Francesco Erbani, Non è triste Venezia. Pietre, acque, persone. Reportage narrativo da una città che deve ricominciare, Manni 2018 (pp. 232, euro 15)
Vero: non è triste. È disperata. E noi con lei.
Questo viene da pensare leggendo il “reportage narrativo” del giornalista di “Repubblica”. Che a Venezia esistano – come si illustra nel primo capitolo – “le condizioni per prefigurare un organismo urbano del futuro” e che siano presenti nella città occasioni e soggetti che esprimono una “resistenza” – vedi l’ultimo – non basta a bilanciare la rabbia e la desolazione che gli altri cinque capitoli suscitano: la Laguna è “maltrattata”, dopo secoli di sapiente convivenza con i veneziani ridotta a semplice contorno della città; la quale a sua volta si è spopolata – innanzitutto per la differenza fra nati e morti – e, coi suoi poco più di cinquantamila abitanti viene simbolicamente oltre che economicamente e fisicamente “mangiata dal turismo”. “Una città di crociera” dalla quale non si sa bene come e quando verranno espulse le grandi navi e è destinata per anni ancora ad assistere alla tragicommedia del Mose, “scandalo infinito” che ha attraversato stagioni politiche fra loro diverse.

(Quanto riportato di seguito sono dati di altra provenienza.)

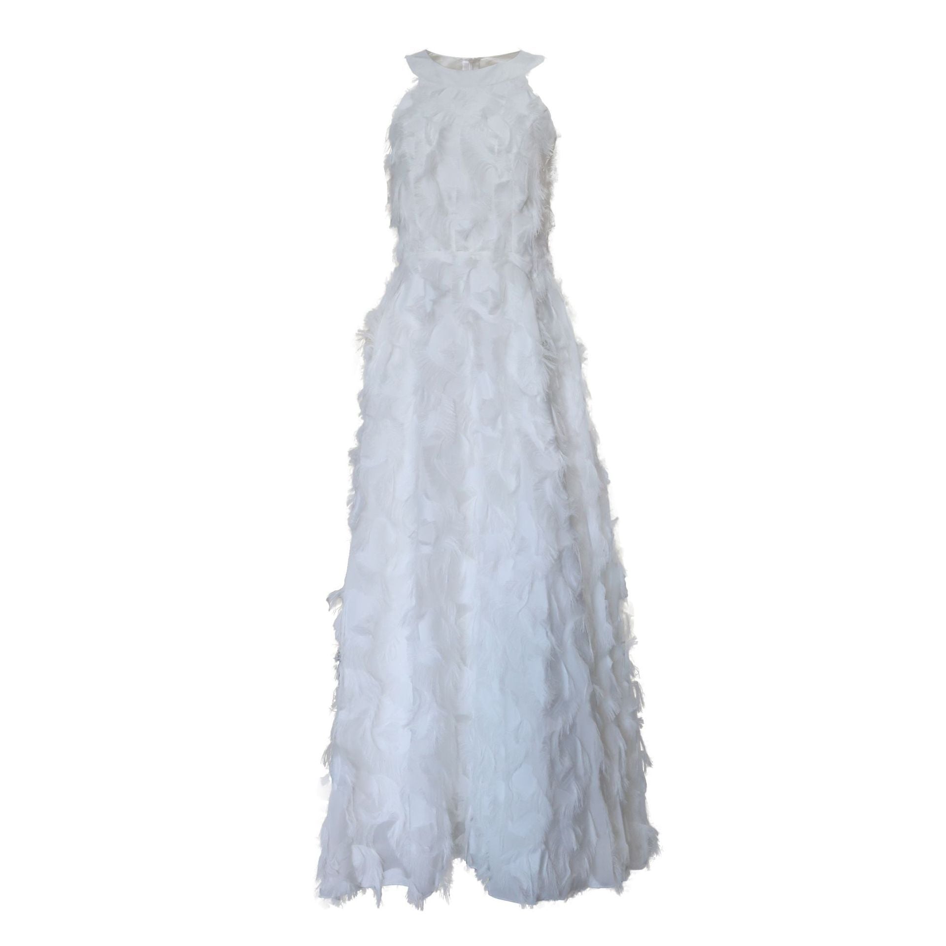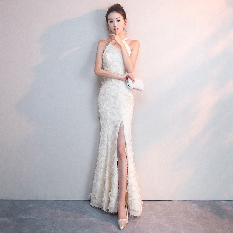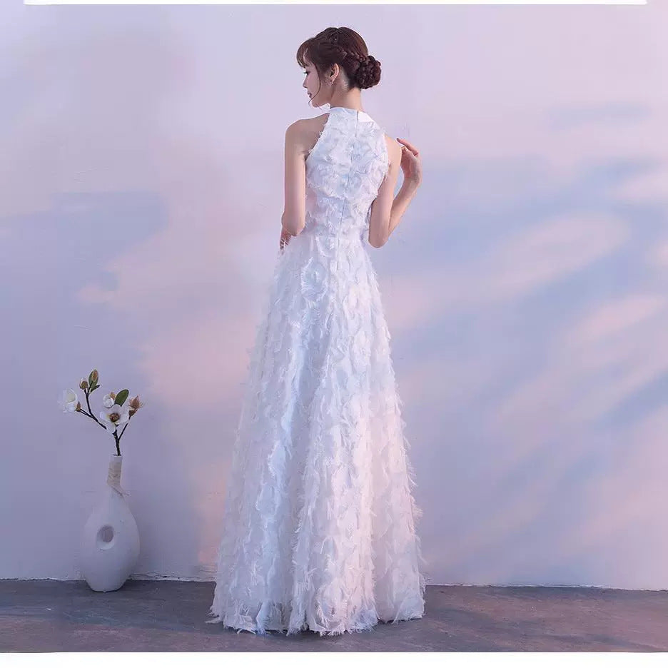 White Feather Hanging Neck Open Shoulder Fashion Atmosphere Thin Long Skirt Evening Dress Students Graduation Performance Choral Costume

Dati aggiornati e incontri con intelligenze critiche vive nella città – a partire da quella di Edoardo Salzano – sono l’opportunità indubbia che il libro offre. Ma perché dargli quel titolo? Non si può scrivere se non ci si legittima nell’universo dell’ottimismo obbligatorio?
A quanto pare sì: Se Venezia muore, si intitolava il libro che Salvatore Settis ha dedicato alla città (Einaudi 2014).
* Arnaldo Fusinato, L’ultima ora di Venezia (19 agosto 1849)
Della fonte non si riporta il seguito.